1.   Train a trigram model using the NLTK library
2.   For the bigram and trigram models, compute the perplexity for each N-gram in the test set and average the values over the total number of Ngrams. Replace ```inf``` values with zero.



In [244]:
n = 3

train_data_2, train_chains_2 = padded_everygram_pipeline(n, train_sents_2)

trigram_model = MLE(n)
trigram_model.fit(train_data_2, train_chains_2)
len(trigram_model.vocab)

2473

In [247]:
print(trigram_model.counts["called"])
print(round(trigram_model.score("out", ["called"]), 2))

15
0.47


In [261]:
import math
from statistics import mean


## perplexity calculation
def compute_test_ngram_ppl(test_ngrams: list, model: MLE) -> float:
    ppl = [model.perplexity(v) if not math.isinf(model.perplexity(v)) else 0 for v in test_ngrams]
    return mean(ppl)

In [263]:
## GRADED PART, DO NOT CHANGE!
GRADING_ANSWER.Q8 = compute_test_ngram_ppl(test_bigrams, bigram_model)
GRADING_ANSWER.Q9 = compute_test_ngram_ppl(test_trigrams, trigram_model)

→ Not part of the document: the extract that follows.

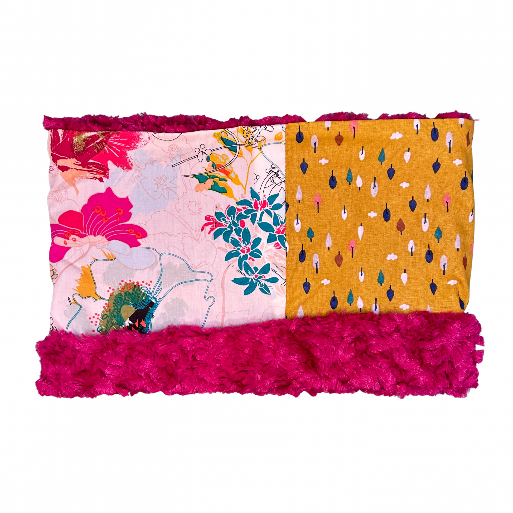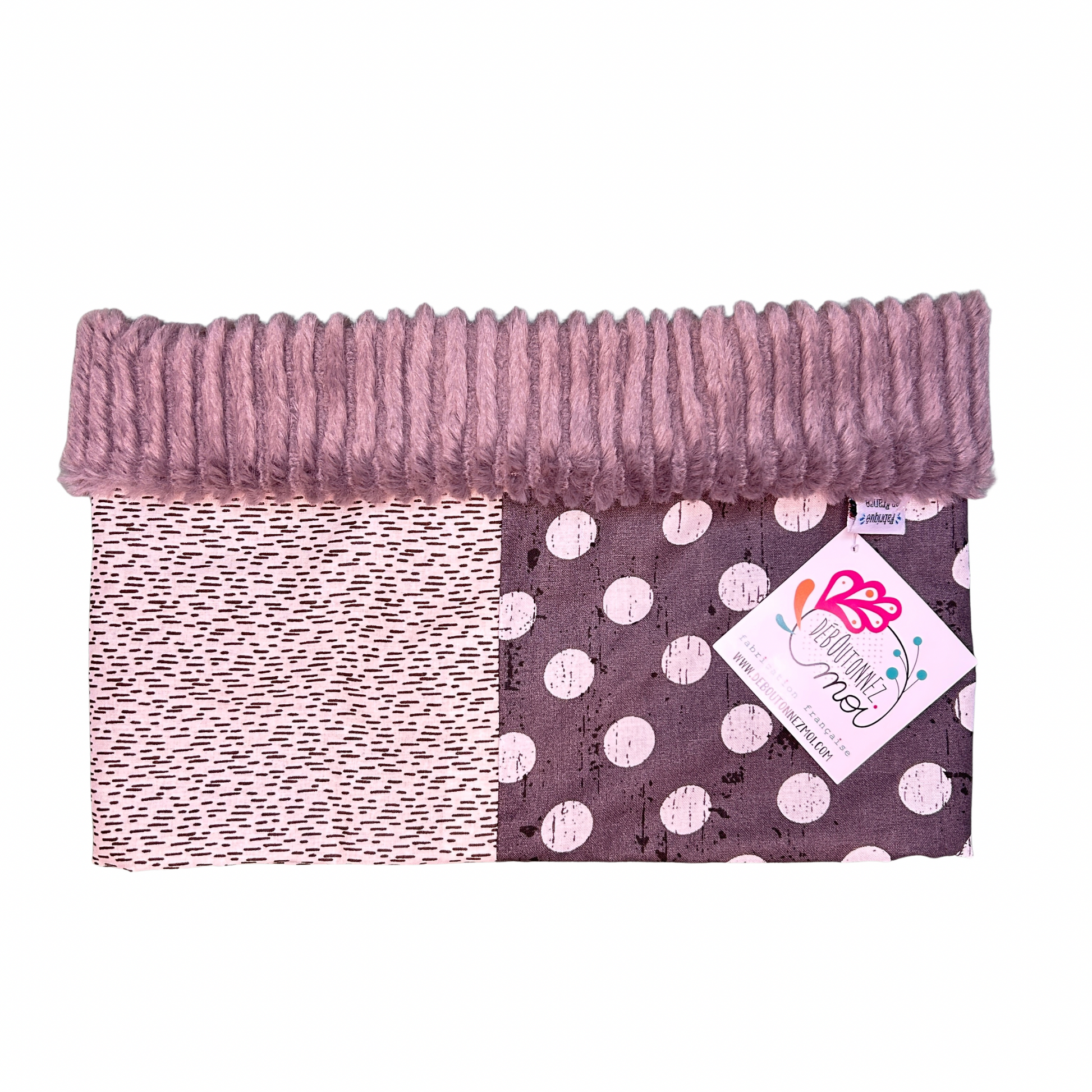 Fabriqué à la main avec soin, il associe un tissu en coton imprimé à une fourrure synthétique ultra moelleuse. Facile à enfiler, il protège du froid sans gêner les mouvements.

#### How do you think why the model achieves such good perplexity? Note that we computed the perplexity on N-grams only, but not on the sentences. We leave the sentence-level setting for an ungraded task.

❗️Remember to **run the first code cell again** before submitting the solution.

### Extra tasks. Ungraded.


1.   Compare the models by computing the perplexity at the sentence-level. How often are the sentence probabilities zeroed out?
2.   Apply a smoothing method to your count-based models. How does it influence the model perplexity?